Going in to this cycle, I actually have never done any in-hospital volunteering (0 hours); instead, I found my interest in non-clinical volunteering. Goes to show that you don't "need" hospital volunteering to get into med school.

To familiarize myself with the hospital setting, I shadowed a few doctors. My advice would be to go for multiple physicians in different fields and 1-2 days max with each, rather than doing a long-term thing with just 1 doctor. There is only so much you can learn from each physician at the pre-med stage, and it's better to get a wide spectrum of experiences.
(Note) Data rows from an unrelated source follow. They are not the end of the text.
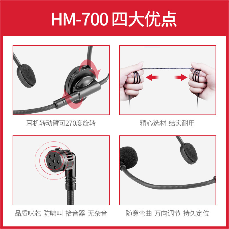 Takstar HM-700 Small Bee Loudspeaker headset Tour Guide promotional headset microphone curved plug
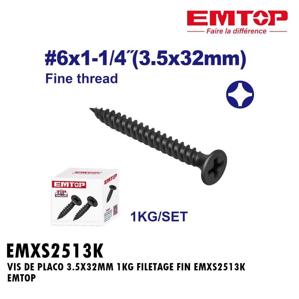 VIS DE PLACO 3.5X32MM 1KG FILETAGE GROSSIER EMXS1513K EMTOP
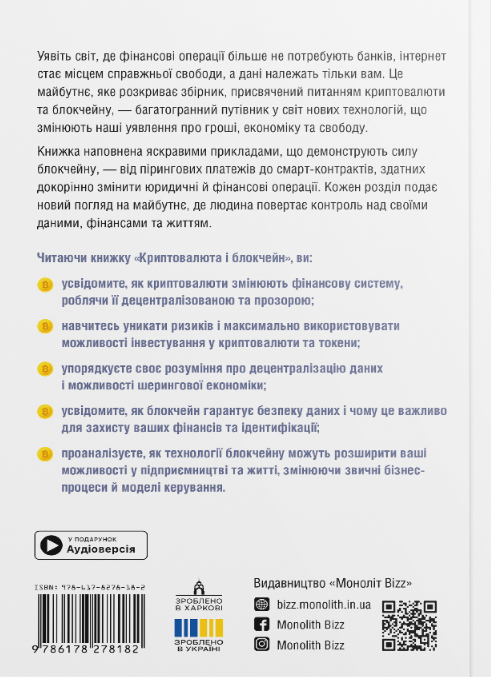Купить Криптовалюта і блокчейн. Збірник самарі + аудіокнижка на сайте Book24 можно недорого. То, что мы предлагаем ваше любимое издание по лучшей цене, вы убедитесь, сравнив наши цены со стоимостью книг в стационарном магазине. На сайте вы можете просмотреть фото книги, ознакомиться с ее кратким содержанием и почитать отзывы. Благодаря нашему сервису, вам не придется тратить время на поиски интересующего издания в книжных магазинах. Заказать книгу у нас можно в режиме онлайн или по телефону. Осуществляем доставку заказов во все города Украины – в Киев, Харьков, Днепр, Запорожье, Львов и др.

If you like hospital volunteer work, you should keep at it. But if the hospital is simply giving you grunt work that you don't find rewarding, having that extra line on your app that says you did XYZ hours in a hospital isn't going to hurt or help you too much.
 
Going in to this cycle, I actually have never done any in-hospital volunteering (0 hours); instead, I found my interest in non-clinical volunteering. Goes to show that you don't "need" hospital volunteering to get into med school.

To familiarize myself with the hospital setting, I shadowed a few doctors. My advice would be to go for multiple physicians in different fields and 1-2 days max with each, rather than doing a long-term thing with just 1 doctor. There is only so much you can learn from each physician at the pre-med stage, and it's better to get a wide spectrum of experiences.

If you like hospital volunteer work, you should keep at it. But if the hospital is simply giving you grunt work that you don't find rewarding, having that extra line on your app that says you did XYZ hours in a hospital isn't going to hurt or help you too much.

Yeah, well I'm sure going to Harvard undergrad and scoring a 41 on the MCAT didn't hurt either. ;)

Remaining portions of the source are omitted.